┌─ DATA FOR PROCESSING
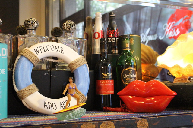 店裡的裝璜很有熱帶休閒的風情,大大的紅唇展現了店家的熱情,衝浪是老闆的興趣,店內可以看到許多和衝浪有關的裝飾。
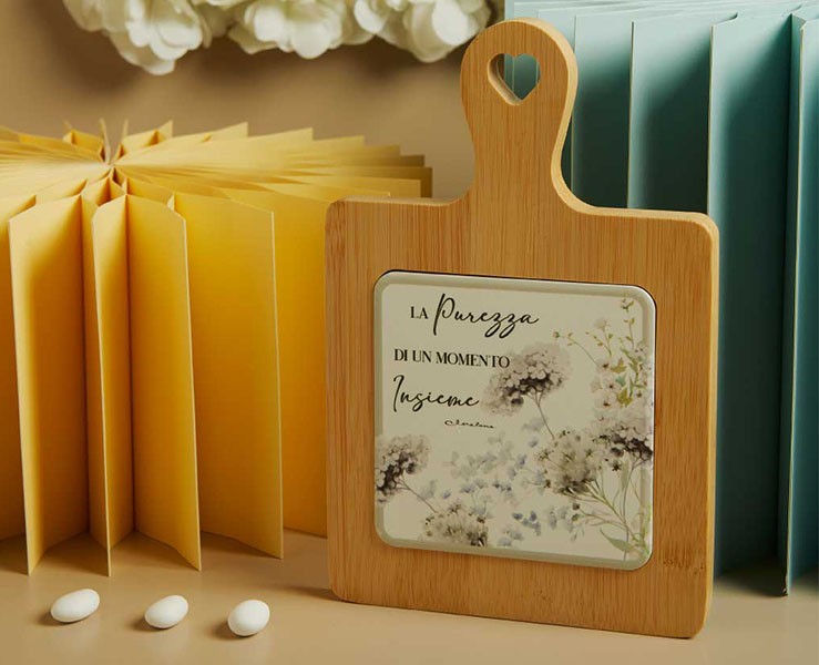 Bomboniera Claraluna 2026 Tagliere Bamboo Decoro Floreale Verde
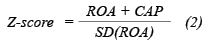 Trong đó ROA và SD(ROA) là tỷ suất lợi nhuận ròng trên tài sản bình quân và độ lệch chuẩn của tỷ lệ lợi nhuận này, và CAP là tỷ lệ vốn chủ sở hữu trên tổng tài sản. Độ lệch chuẩn của ROA trong toàn thời gian nghiên cứu sẽ được sử dụng. Chỉ số này càng cao thì rủi ro ngân hàng mất khả năng thanh toán càng thấp.
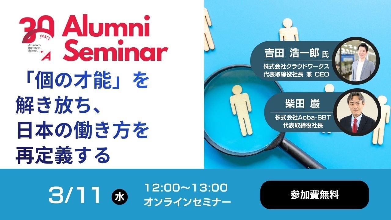 株式会社Aoba-BBT(本社:東京都千代田区、代表取締役社長:柴田巌、以下Aoba-BBT)は、グループ横断で推進する「周年プロジェクト」の象徴的な企画として、2026年3月11日(水)に特別オンライン対談イベントを開催いたします。
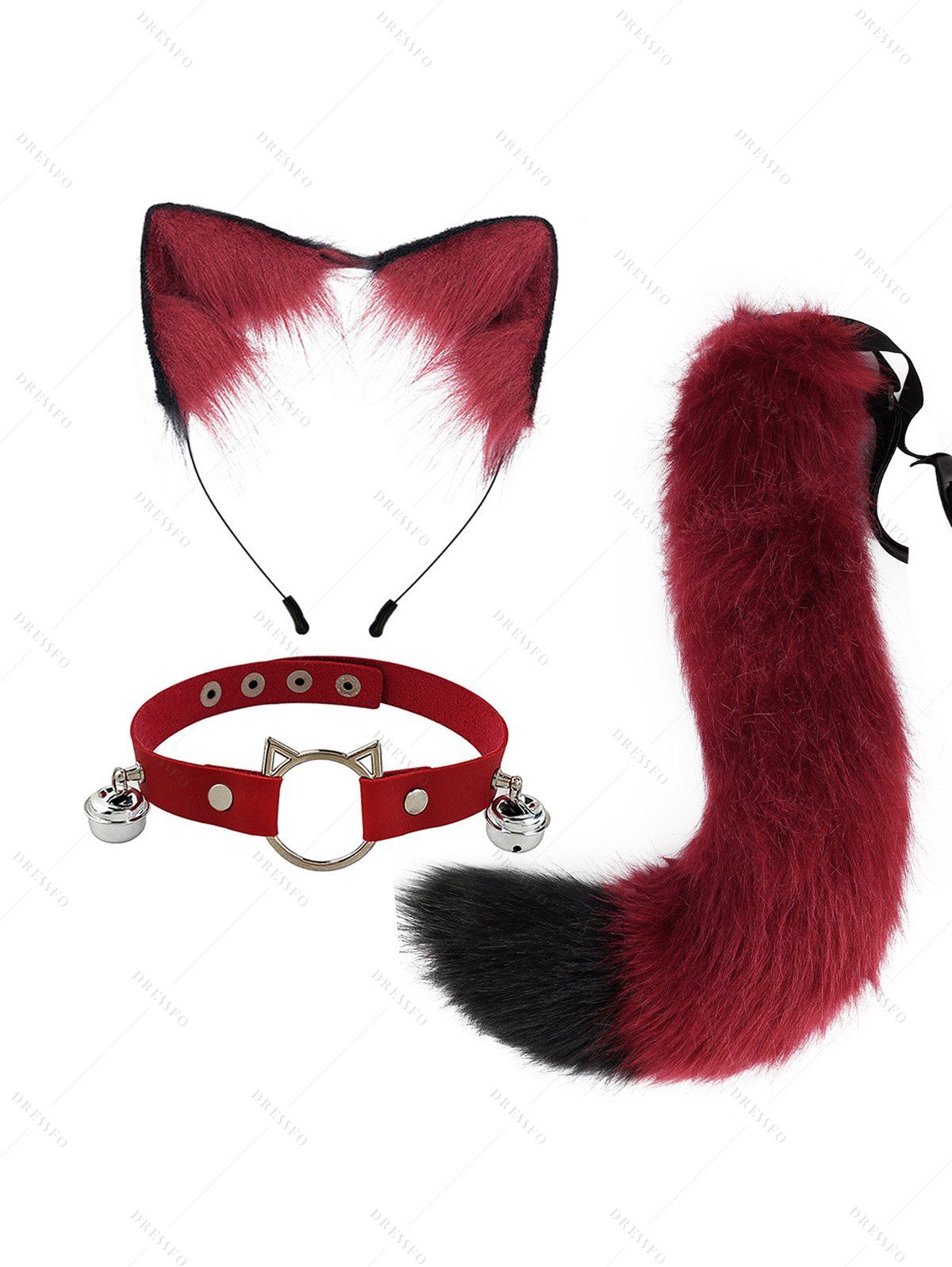 Ensemble de cosplay 3 pièces avec queue en fourrure artificielle et serre-tête oreilles de chat avec clochette - Rouge
└─
_ABOUT THIS TASK_.
Could you set down every entry again exactly as written, leaving out any pictures?

_REPLY TO THE EXERCISE_.
 店裡的裝璜很有熱帶休閒的風情,大大的紅唇展現了店家的熱情,衝浪是老闆的興趣,店內可以看到許多和衝浪有關的裝飾。
 Bomboniera Claraluna 2026 Tagliere Bamboo Decoro Floreale Verde
 Trong đó ROA và SD(ROA) là tỷ suất lợi nhuận ròng trên tài sản bình quân và độ lệch chuẩn của tỷ lệ lợi nhuận này, và CAP là tỷ lệ vốn chủ sở hữu trên tổng tài sản. Độ lệch chuẩn của ROA trong toàn thời gian nghiên cứu sẽ được sử dụng. Chỉ số này càng cao thì rủi ro ngân hàng mất khả năng thanh toán càng thấp.
 株式会社Aoba-BBT(本社:東京都千代田区、代表取締役社長:柴田巌、以下Aoba-BBT)は、グループ横断で推進する「周年プロジェクト」の象徴的な企画として、2026年3月11日(水)に特別オンライン対談イベントを開催いたします。
 Ensemble de cosplay 3 pièces avec queue en fourrure artificielle et serre-tête oreilles de chat avec clochette - Rouge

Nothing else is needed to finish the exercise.